Widoki jak ze snu. Oddychające kamienie, wydmy, Bluetongue pokazujące niebieski język. To wszystko Zachodnia Australia. Przełom października i listopada 2007 roku. Zaraz potem w Perth kupiłem sobie "Long Road Out of Eden" Eagles. Same dobre wspomnienia... Australia. Tam jest dopiero początek lata, a pożary już niszczą wszystko. Na zdjęciach to wygląda przerażająco, tam na miejscu jeszcze gorzej. Byłem, widziałem... Głównie miejsca już spalone. Sami sobie niestety gotujemy ten los. Kiedy koniec świata?

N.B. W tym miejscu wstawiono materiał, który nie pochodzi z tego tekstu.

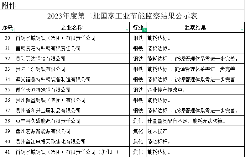 根據(jù)《中華人民共和國節(jié)約能源法》《貴州省節(jié)約能源條例》《工業(yè)節(jié)能監(jiān)察辦法》和《關(guān)于全面推行行政執(zhí)法公示制度執(zhí)法全過程記錄制度重大執(zhí)法決定法制審核制度的實(shí)施意見》(黔府辦發(fā)〔2019〕7號(hào))等要求,現(xiàn)將2023年度第二批國家工業(yè)節(jié)能監(jiān)察結(jié)果予以公示,如有異議,請于公示期內(nèi),書面反饋至貴州省工業(yè)和信息化廳節(jié)能與綜合利用處。
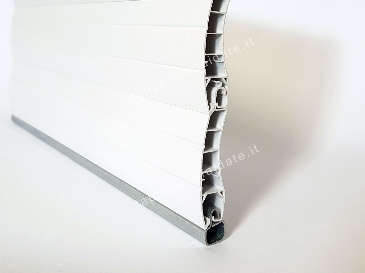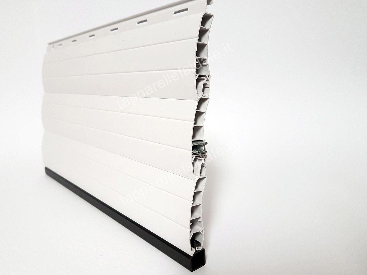 La tapparella in PVC Roma (peso specifico standard di circa kg. 6,000/mq) è realizzata con stecche auto-aggancianti (a doppia parete e con intersezioni di irrigidimento interni) che misurano 13 mm di base e 55 mm di altezza. Il profilo è dotato di un fermo laterale "antisfilamento" che serve a bloccare le stecche.
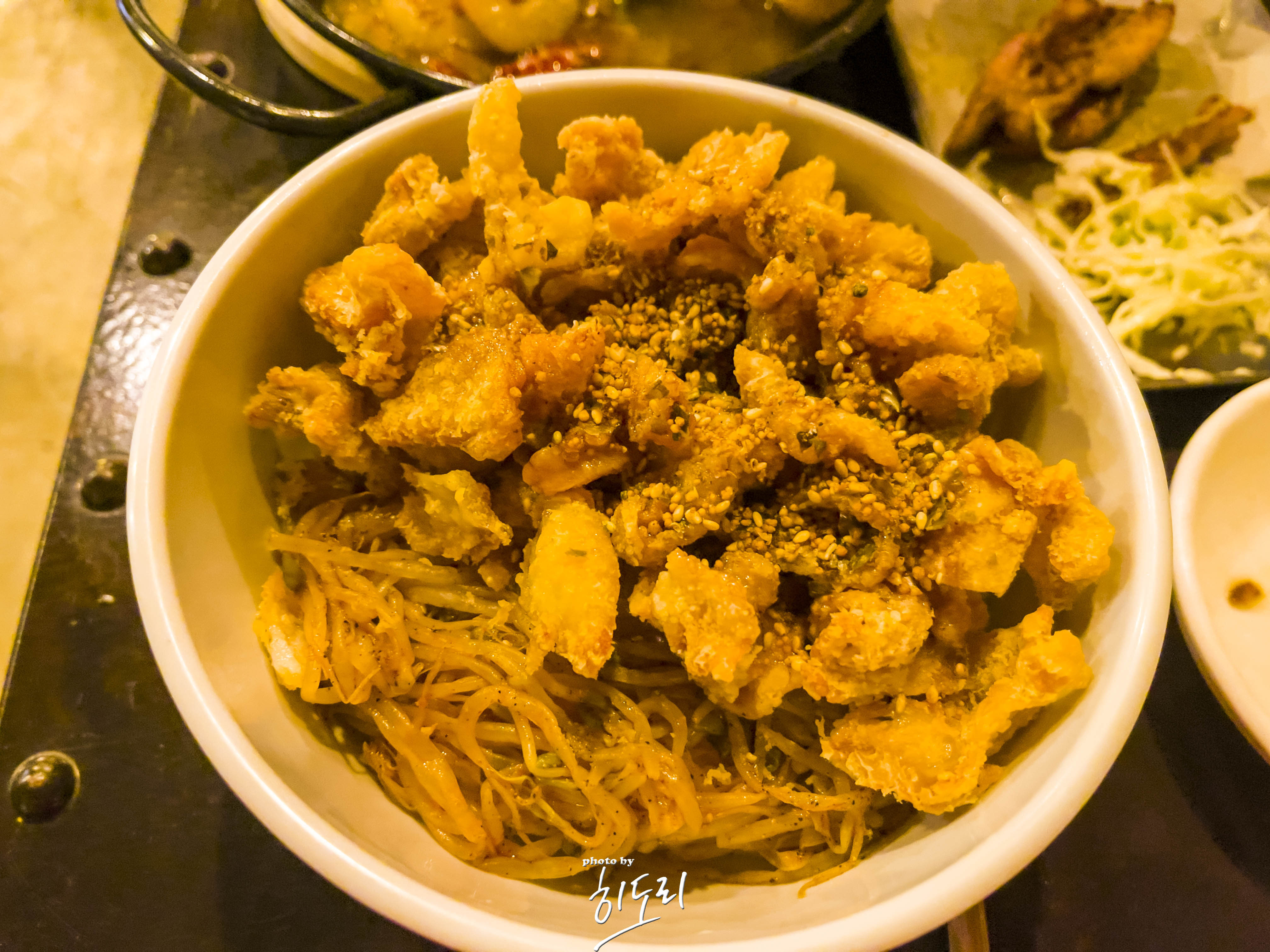 살짝 배가 고파서 닭껍질 튀김덮밥을 먹었는데~ 닭껍질 튀김은 바삭바삭 괜찮은데 덮밥안의 난생 처음 먹어보는 향신료가 저는 개인적으로 불호!!!
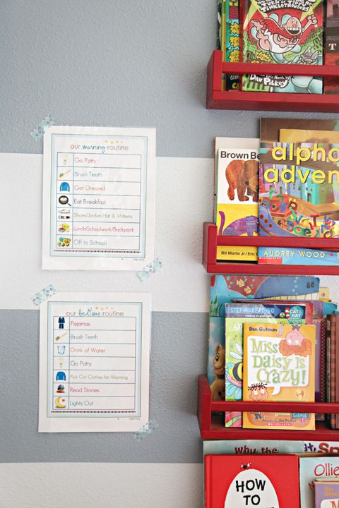 ساعد الأطفال الصغار على وضع جدول يتضمن المهام الصباحة وجدول آخر يتضمن المهام التي يجب عليهم القيام بها قبل التوجه إلى السرير بحث تكون مثل هذه الجداول على شكل قائمة تحقق تُعلق على الجدار.

Płyta na dziś: „Piosenki stare jak świat” Irena Santor (1966). Pamięć jest zawodna, bo jakoś ciągle mi się wydaje, że ten album miał tytuł „Serce”. Moi Rodzice kupili tę płytę na inaugurację „Bambino”. To był taki seledynowo żółty adapter. Marzenie... Ja pewnie zaraz potem kupiłem płyty ABC, Czerwonych Gitar, Czesława Niemena i epkę Sióstr Panas, lubiłem piosenkę „Jest, jak jest”. Dziś kiedy słucham tej płyty znów jestem w domu rodzinnym. Szadek, Kościelna 8. I prawie czuję zapach choinki... No właśnie, moją małą jodełkę (z gałęzi układaną) kupię jutro. Na dwa tygodnie przed Wigilią Świąt Bożego Narodzenia. Niech mi pachnie. I pomyślę o grzybowej. Nie muszę czekać do 24 grudnia. Polecam album Ireny Santor. Znajdzie go Czytelnik w pięknym wydawnictwie Polskich Nagrań sprzed 3 lat. 4CD w jednym opakowaniu „Piosenki cz.1”. Mam nadzieję na następne... Dziś Irena Santor kończy 85 lat. Pani Ireno – zdrowia i wszystkiego tylko dobrego.
PS: dobrze, że mnie dziś nie było w Nowej Zelandii. Dobrze, że mnie nie ma w płonącym Sydney. A tak chciałem sobie zrobić jeszcze jedne wakacje na Antypodach...
Jeszcze tylko trzy tygodnie głosowania w 26 Trójkowym Topie Wszech Czasów. Proszę nie przegapić okazji do pięknego wspominania, prawda?
Dziś urodziny Kari Bremnes, będzie o tym w Tonacji Trójki. Wszystkiego najlepszego dziś urodzonym. A imieniny Leokadii. Moja Babcia tak miała na imię...
"Tak niedawno był maj...". Ciągle słucham tej płyty. Pięknych dni do Świąt.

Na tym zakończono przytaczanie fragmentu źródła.